*** Opening Input records ***

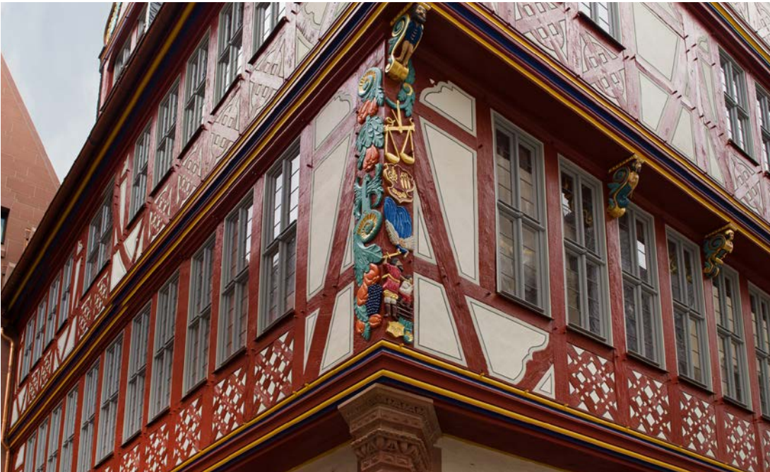
“Goldene Waage” building, Frankfurt am Main, Germany

SCHOTT's Glasses for Restoration are the best choice for the faithful restoration of historical buildings from various eras – mimicking the appearance of the original glazing materials – GOETHEGLAS for buildings from the 18th and 19th centuries, RESTOVER® glass for buildings dating from the early 1900s and TIKANA® glass for buildings from the classical modern period – these glasses also meet any number of contemporary needs because of the wide variety of processing options available, from UV protection to thermal insulation.
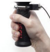
SV 150 Tri-Axial Hand-Arm Vibration MEMS Accelerometer
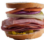
#12 WALLSTREET $14.99 Ham, salami, Swiss, lettuce, tomato, red onion, banana peppers, Italian dressing, on rye.
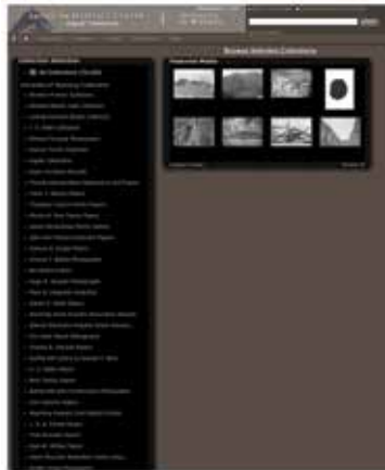
Digital Collections Web site, at http://digitalcollections.uwyo.edu/luna

The award-winning AHC Web site ( http://ahc.uwyo.edu ) receives over 60,000 visitors annually and contains information on its faculty, its policies, its public programs, its exhibits, its grants, its publications, and most importantly, its collections. The AHC has also provided national leadership in the area of digitization, including “mass digitization,” speeding the process of creating digital facsimiles from our collection material.
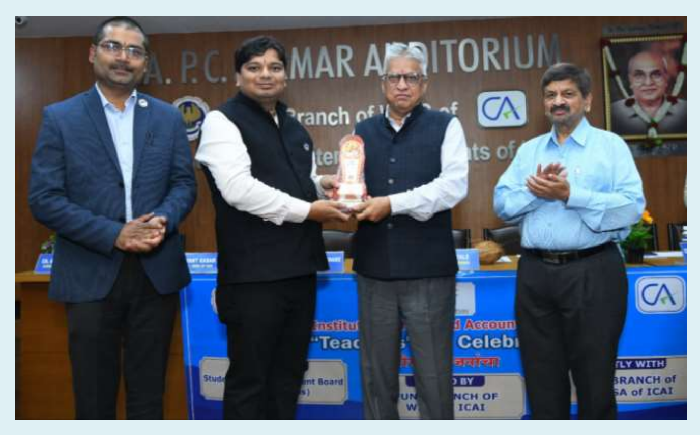
Teachers' Day Celebration "गौरव गुरू-जनांचा!!"
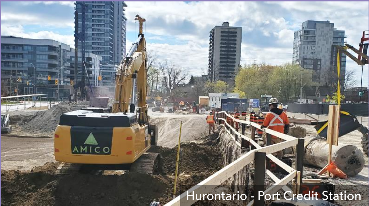
Hurontario - Port Credit Station
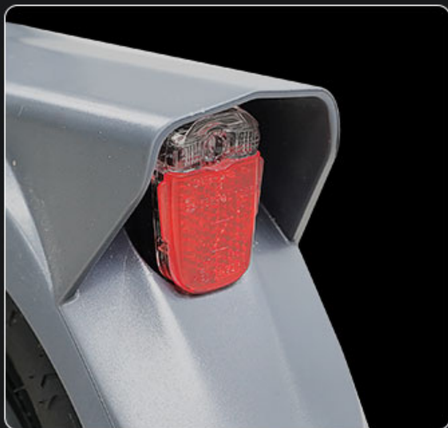
BRAKE FLASH REAR TAILLIGHT

*** Closing Input records ***

*Task statement*
Nothing but the lines from the beginning of the material above through the line containing "SCHOTT's Glasses for" should appear in the answer, copied exactly and free of pictures.

*Finished task*
“Goldene Waage” building, Frankfurt am Main, Germany

SCHOTT's Glasses for Restoration are the best choice for the faithful restoration of historical buildings from various eras – mimicking the appearance of the original glazing materials – GOETHEGLAS for buildings from the 18th and 19th centuries, RESTOVER® glass for buildings dating from the early 1900s and TIKANA® glass for buildings from the classical modern period – these glasses also meet any number of contemporary needs because of the wide variety of processing options available, from UV protection to thermal insulation.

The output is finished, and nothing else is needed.